Your task is to write out the entire listing exactly, omitting its pictures.
#### Data below
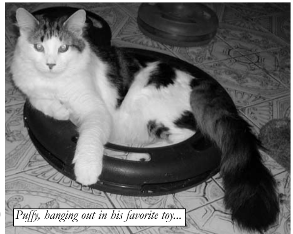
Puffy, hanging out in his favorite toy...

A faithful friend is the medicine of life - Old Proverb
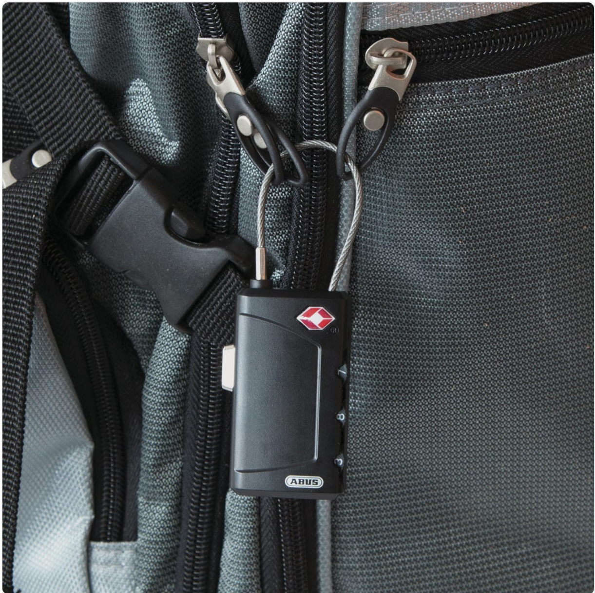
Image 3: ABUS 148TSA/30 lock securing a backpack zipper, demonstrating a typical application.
########
Answer to this task =
Puffy, hanging out in his favorite toy...

A faithful friend is the medicine of life - Old Proverb
Image 3: ABUS 148TSA/30 lock securing a backpack zipper, demonstrating a typical application.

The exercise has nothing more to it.